WEBEXCLUSIVE

The Unreliability of Primary Sources

Parsing out what you know and what you don’t know from archival material is an intrinsic part of research. Archives and other primary sources are generally considered more reliable than secondary sources, such as art criticism, theoretical studies, and historical texts, because they are first-hand accounts. Although this may be true in general, researching my book on art critic, curator, and Works Progress Administration (WPA) Federal Art Project director Holger Cahill has made me reexamine my confidence in primary documents, which are susceptible to the distortions of memory and only as reliable as their narrator.

A lively, engaging, but untrustworthy narrator, Cahill’s wide-reaching contributions to American art include the early promotion of American folk art (he helped to assemble Abby Rockefeller’s collection at Colonial Williamsburg), the expansion of the Newark Museum’s collection of American art, and curatorial projects for the Museum of Modern Art in the early 1930s. In his most well-known role as director of the Federal Art Project he nurtured thousands of artists through the Depression, facilitated the construction of thousands of murals and public art works, and engaged the populace with American art on an unprecedented scale.

All these achievements were facilitated by personal myth-making. An Icelandic immigrant, Cahill grew up in poverty in North Dakota. After becoming estranged from his family, he arrived in New York as a hobo boxcar rider with little formal education and no experience in the art world. Settling in Greenwich Village, he developed relationships with artist John Sloan and art dealer Edith Gregor Halpert that helped propel his career. He also reinvented himself, changing his given name, Sveinn Kristjan Bjarnarsson, altering his birthdate to make himself six years younger, and claiming he was born in St. Paul Minnesota rather than in Skógarströnd Iceland.

Cahill’s proclivity for refashioning his biography calls into question the accuracy of the 500-page oral history interview he gave to Columbia University in 1957 as well as his letters and personal statements preserved at the Archives of American Art and the New York Public Library. The oral history interview, because of its narrative format, seems particularly susceptible to storytelling and misremembrances. Cahill begins the interview with the statement, “I first saw the world on the banks of the Mississippi, but I don’t remember it at all. That is the Mississippi River [. . .]The world that I first got acquainted with was the flatlands of eastern Dakota.” This misleading comment gives the impression Cahill was born somewhere in the Midwest. An even more direct misrepresentation appears in Cahill’s correspondence. In a letter to the New Deal Administration, written shortly after his nomination for the directorship of the Federal Art Project, Cahill explained that although he did not have a U.S. passport, “I was born in St. Paul, Minnesota. At any rate so I have always believed.” Letters are not necessarily more protected from fabrications than oral history.

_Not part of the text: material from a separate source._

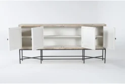Create a stylish hub of entertaining for your living room with our Lupe 90-” media console. Grand in design, this piece is chic and unique with a sleek metal foundation and distinctive cabinet compartment. The geometric door motifs, natural texture and whitewashed finish add modern appeal, while enclosed shelving ensures all of your equipment and accessories stay neatly hidden.

Although it is a problematic document, I do not want to discount the oral history interview and the wealth of material it provides. However, trying to corroborate information that could be open to interpretation can be tricky. It can be difficult to confirm all the specifics of even a single memory.

One such instance is Cahill’s response to an exposé published in Life magazine on April 17, 1944, which concerned the disposal of artworks after the Federal Art Project disbanded. Entitled “End of WPA Art: Canvases which Cost Government 35 million dollars are Sold for Junk,” the photo essay documents the selling of paintings for as little as three dollars in a Lower East Side junk shop. Regardless of any missteps that he had made in liquidating the art programs, Cahill was furious this article had been printed and would mar the achievements of Federal Art Project and the artists. He recalls he met the art critic for Life at the Lafayette Hotel and got into a “terrible row with her.” She was a “woman who had tried to get a job on the Project, but she didn’t make the grade and then she got a job at Life.” Then Cahill orchestrated a counter article by contacting the editor of the daily newspaper P.M. The paper sent him a young Lillian Ross (this was before she joined the New Yorker) to report his side of the story.

The P.M. story “Life delivers a very low punch” was published on April 30, 1944, so
the general outline of Cahill’s account checks out. Corroborating other details is a bit more challenging. Who was the art critic for Life and did Cahill really confront her? What are the chances Lillian Ross might remember interviewing Cahill for this article and could provide another perspective? Is this event significant enough to my project to pursue?

Although these are standard research questions, Cahill and other unreliable narrators heighten our awareness of the limitations of the archival record and force us to acknowledge the boundaries of what we can know. An archive, after all, is a human document shaped by the doubts, egotism, mistakes, challenges, passions, and personality of its author. Cahill’s life retained an aura of mystery even to those who knew him best.

Contributor

Jillian Russo

JILLIAN RUSSO is curator at the Art Students League of New York.